Division of Analytical and Environmental Toxicology, Department of Laboratory Medicine and Pathology, Faculty of Medicine and Dentistry, University of Alberta, Edmonton, Alberta T6G 2R3, Canada.

Published: September 2022

Current design of serological tests utilizes conservative immunoassay approaches and is focused on fast and convenient assay development, throughput, straightforward measurements, and affordability. Limitations of common serological assays include semiquantitative measurements, cross-reactivity, lack of reference standards, and no differentiation between human immunoglobulin subclasses.

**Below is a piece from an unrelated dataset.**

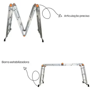 Escada Multiuso Articulada 12 Degraus 4X3 De Aluminio – Detalhes Laranja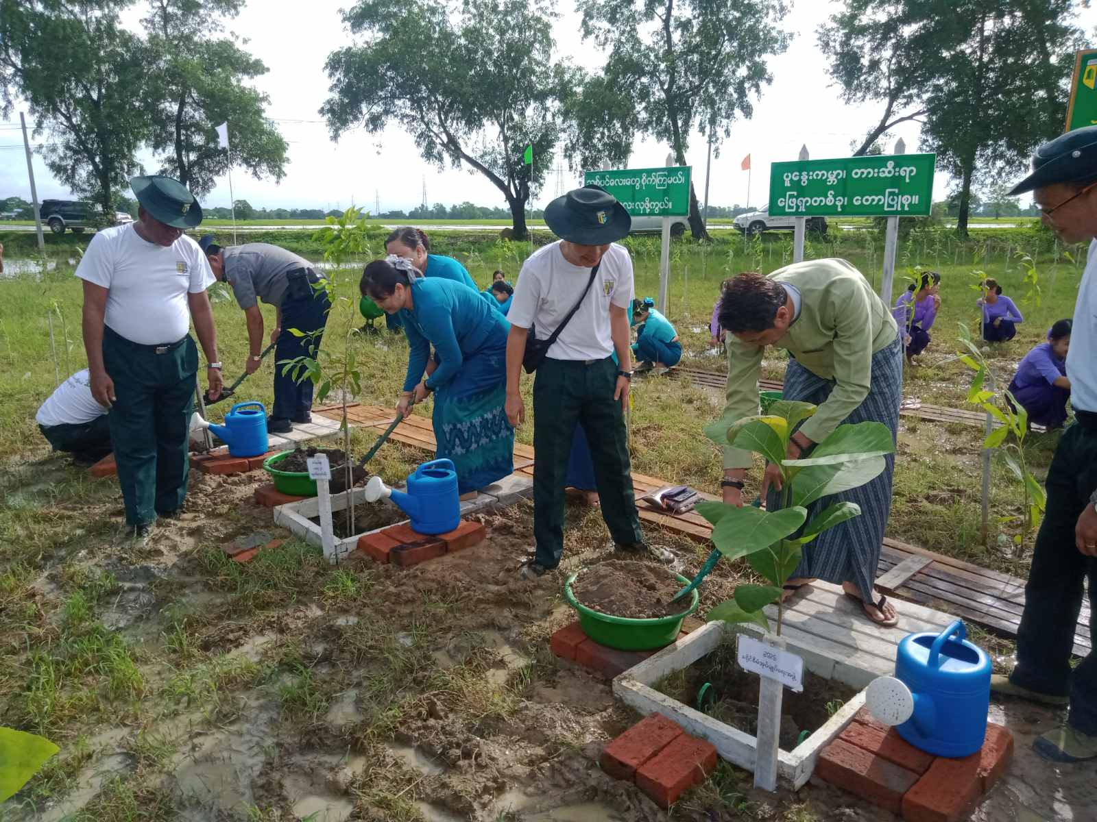 ထို့နောက် သစ်ပင်စိုက်ပျိုးပွဲသို့ တက်ရောက်လာကြသော ခရိုင်စီမံအုပ်ချုပ်ရေးအဖွဲ့ဝင်များ၊ မြို့နယ်စီမံအုပ်ချုပ်ရေးအဖွဲ့ဝင်များ၊ ဌာနဆိုင်ရာများမှ တာဝန်ရှိသူများ၊ လူမှုရေးအသင်းအဖွဲ့များ နှင့် ဒေသခံပြည်သူများမှ ကျွန်းပင် ၅၀ ၊ ယူကလစ်ပင် ၁၀၀ ၊ မန်ဂျန်ရှားပင် ၂၀၀ ၊ မဟော်ဂနီပင် ၅၀ နှင့် ခရေပင် ၁၀၀ စုစုပေါင် စိုက်ပျိုးပင် (၅၀၀) အား အတူတကွ စုပေါင်းစိုက်ပျိုးခဲ့ကြကြောင်း သိရသည်။

In this study, we suggested that a combination of immunoaffinity enrichments with targeted proteomics would enable rational design and development of serological assays of infectious diseases, such as COVID-19. Immunoprecipitation-targeted proteomic assays allowed for sensitive and specific measurements of NCAP_SARS2 protein with a limit of detection of 313 pg/mL in serum and enabled differential quantification of anti-SARS-CoV-2 antibody isotypes (IgG, IgA, IgM, IgD, and IgE) and individual subclasses (IgG1-4 and IgA1-2) in plasma and saliva. Simultaneous evaluation of the numerous antigen-antibody subclass combinations revealed a receptor-binding domain (RBD)-IgG1 as a combination with the highest diagnostic performance. Further validation revealed that anti-RBD IgG1, IgG3, IgM, and IgA1 levels were significantly elevated in convalescent plasma, while IgG2, IgG4, and IgA2 were not informative. Anti-RBD IgG1 levels in convalescent (2138 ng/mL) vs negative (95 ng/mL) plasma revealed 385 ng/mL as a cutoff to detect COVID-19 convalescent plasma. Immunoprecipitation-targeted proteomic assays will facilitate improvement and standardization of the existing serological tests, enable rational design of novel tests, and offer tools for the comprehensive investigation of immunoglobulin subclass cooperation in immune response.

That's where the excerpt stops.